Rafael dos Anjos’ interim welterweight title fight against Colby Covington ended up scheduled for UFC 225 in Chicago, however the original plan was for dos Anjos to meet the controversial American at UFC 224 in Rio de Janeiro, Brazil.

The UFC audibled to the latter date earlier this month ahead of its 25th Anniversary press conference, and dos Anjos believes Conor McGregor’s meltdown in Brooklyn — and the ensuing fallout from the Irishman’s bus attack that resulted in the cancellation of three fights — played a primary role in the promotion’s decision.

“I flew to New York to have that fight announced in Rio, but I think it was [switched] because of that Conor thing,” dos Anjos said Monday on The MMA Hour. “Like, after that incident with the bus and all of that, I think the UFC was kinda afraid. Colby’s been talking a lot of crap about Brazilians and if something happened there — if the security couldn’t hold one guy, how can they hold a Brazilian crowd [going] crazy because of the stuff that this guy’s been saying?”

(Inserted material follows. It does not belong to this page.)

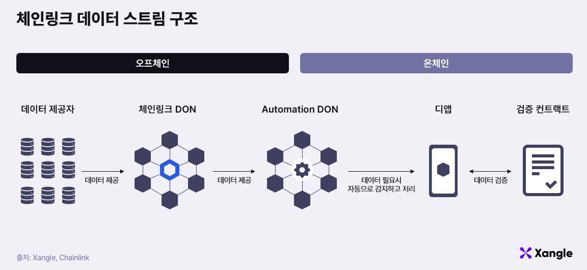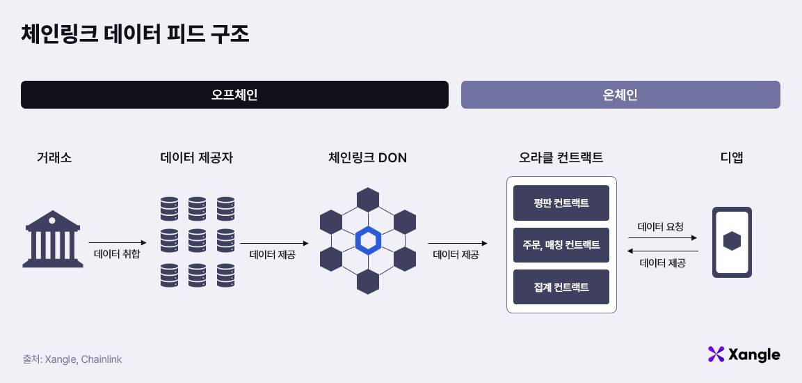 체인링크의 데이터 피드는 탈중앙화 오라클 네트워크(Decentralized Oracle Network, 이하 DON)를 통해 신뢰할 수 있는 외부 데이터를 블록체인에 제공하는 역할을 한다. 블록체인은 기본적으로 외부 데이터를 직접 가져올 수 없기 때문에, 체인링크는 스마트 컨트랙트가 필요로 하는 데이터를 안전하게 수집하고 검증한 후 온체인에서 활용할 수 있도록 지원한다.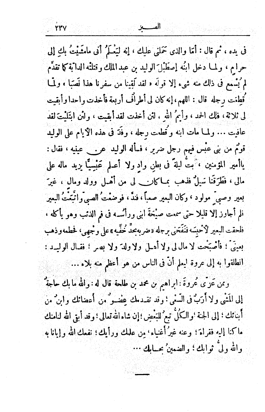 في يده، ثم قال: أما والذي حَملَني عليك، إنّه ليعلم أنّي ما مشيتُ بك إلى حرامٍ، ولمّا دخل ابنه إصطبلَ الوليد بن عبد الملك وقتلتْه الدَّابّة كما تقدَّم لَمْ يُسْمَعْ في ذلك منه شيءٌ إلا قوله {لَقَدْ لَقِينَا مِن سَفَرِنَا هَذَا نَصَباً} ولمّا قُطِعت رجلُه قال: اللهمَّ، إنّه كان لي أطرافٌ أربعةٌ فأخذت واحداً وأبقيت لي ثلاثةً، فلك الحمد، وأيْمُ اللهِ، لئن أخذْتَ لقد أبقيتَ، ولئن ابتليتَ لقد عافيتَ. . . ولمّا مات ابنُه وقطعت رجلُه، وفد في هذه الأيام على الوليد قومٌ من بني عبس فيهم رجلٌ ضرير، فسأله الوليد عن عينيه، فقال: يا أميرَ المؤمنين، بتُّ ليلةً في بطن وادٍ ولا أعلم عَبْسيّاً يزيدُ مالُه على مالي، فطرقنا سيلٌ فذهبَ بما كان لي من أهلٍ وولدٍ ومالٍ، غيرَ بعيرٍ وصبيٍّ مولود، وكان البعير صَعْباً، فنَدَّ، فوضعت الصبيَّ واتَّبعتُ البعيرَ فلم أجاوِزْ إلا قليلاً حتّى سمعتُ صيحةَ ابني ورأسُه في فَمِ الذئبِ وهو يأكلُه، فلَحِقْتُ البعيرَ لأحبسَه فنفَحني برجلِه ضربَه بحدِّ خُفّيه على وجهي، فحطَّمه وذهب بعينيّ؛ فأصبحتُ لا مالٌ لي ولا أهلٌ ولا ولدٌ ولا بصرٌ؛ فقال الوليد: انطلقوا به إلى عُروةَ ليعلمَ أنّ في الناسِ من هو أعظمُ منه بلاءً. . .

Covington has become a polarizing figure in Brazil because of his anti-Brazilian rhetoric. “RDA” believes the UFC’s desire avoid another security concern after the havoc McGregor at UFC 223 led to the switch from Rio de Janeiro to Chicago.

Dos Anjos said he found out about the promotion’s decision upon landing in Brooklyn just hours before the press conference. He admitted that he was disappointed to learn that he wouldn’t be able to compete in his hometown for the first time since 2008.

“I have to say yes, [I was disappointed] a little bit, especially because of the whole story of the thing,” dos Anjos said. “Like, he went there, he went to Brazil, went to Sao Paulo, he beat Demian Maia there, and after he’s talking a lot of crap about the Brazilians. So to have this fight in Rio would be a good story, especially getting the belt there, it would be really cool. But, I think, the one thing, Rio, it’s not Sao Paulo. The crowds in Sao Paulo, it’s different than the crowds in Rio. Rio people are more savage.

“But I think I’m still going to have the crowd on my side,” dos Anjos added. “It’ll be a good opportunity. I think everything happens for a reason, but I think the location — it’s not going to change the result of the fight. It’ll be even better to beat this guy in his own country, having the American crowd on my side.”

The question stands, though: Was Covington really going to be in danger in Rio de Janeiro?

Given how far Covington has taken things, dos Anjos thinks something bad actually could’ve happened at UFC 224.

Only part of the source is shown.